Here in Oz it seems the demise of our mail deliverers, tootling around on their dinky little motor bikes in their hi-viz canary outfits, will be consigned, like so much else, to the trash cans of history. It was sad enough when the postmaster general forced them to eschew their whistles. Does my memory serve me correctly in that, during my lifetime, we once had twice daily deliveries, with a Saturday one thrown in as well? For this to disappear completely, what is the world coming to???

Believe it or not there is a tenuous link between this rant and the book under review. The occupation of the main protagonist in ‘The Light Between Oceans’ has already gone the way the fine cohorts of men and women who deliver us our daily post seem destined to as well.
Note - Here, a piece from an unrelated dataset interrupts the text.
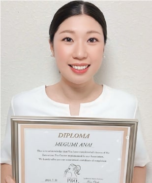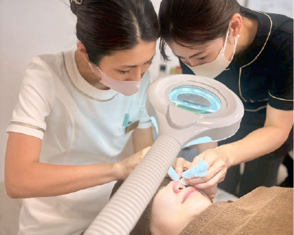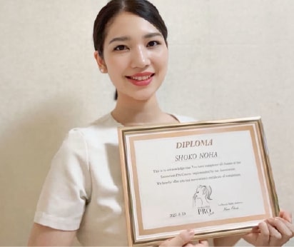 実際に受講すると、リアルでしか学べないことがたくさんありました。技術合格後、オープンに向けて必要なことを一人で準備するのは不安でしたが、「皮膚理論」や「インスタ集客」などの動画特典が本当に役に立ちました。サロンをオープンして3ヶ月ほどたつと、また新たな課題も出てきますが、アフターフォロー会で技術の見直しや不安な点を確認でき、無期限で講師の先生方のサポートが受けられること、全国に仲間ができて励まし合えることが、私にとって大きな支えになっています。

His job is now no longer required by the modern world, but well and truly existed during my earlier decades as being vital to the safety of those at sea. Yes, lighthouse keepers for decades and decades spent months, even years, perched on rocks around or off our coastlines, ensuring that shipping didn’t end up smashed into the same location. My island alone is renowned for the sagas of those public spirited men and their families who gave up so much to attend to the lights at places such as Eddystone Point, as well as Tasman, Deal and Maatsuyker Islands. In this novel we meet the keepers and women of Janus Rock, a precipitous outcrop straddling the divide between the Indian and Southern Oceans off the coast of Western Australia.

Stedman has come up with a ripper yarn of the several Sophie choices that befall one self-reliant couple entrusted to the maintenance of the beam on Janus (there is much significance in the author’s selection of name for this site of the novel’s core event) Rock. The man was mind-wounded by his experiences in the Great War – his missus a lass of stoic, strong-willed stock. Much shared happiness, despite their isolation, is chiselled away by a decision foisted on them by some flotsam washed up on their tiny island. The book has a strong start recounting the tale of the wooing by the feisty maiden who is salve to her war-damaged intended beau. This was bookended by an ending that produced a pair of misty eyes for this reader at the unfairness of the hand that can be dealt. The saga does flag somewhat in it’s middle stages, but as the guilt starts to play on the minds of our isolated, in both senses of the word, duo, the author really hits her straps.

‘The Light Between Oceans’ was generally well received by critics around the land, a tribute to the skills of this fresh writer with no back catalogue. For her longevity, the proof of the pudding, as always, will be the sophomore publication. With this engaging first try it augurs well. But for a novelist today, as with car makers, milk deliverers, small farmers and business people – and posties – a future in anything is no given.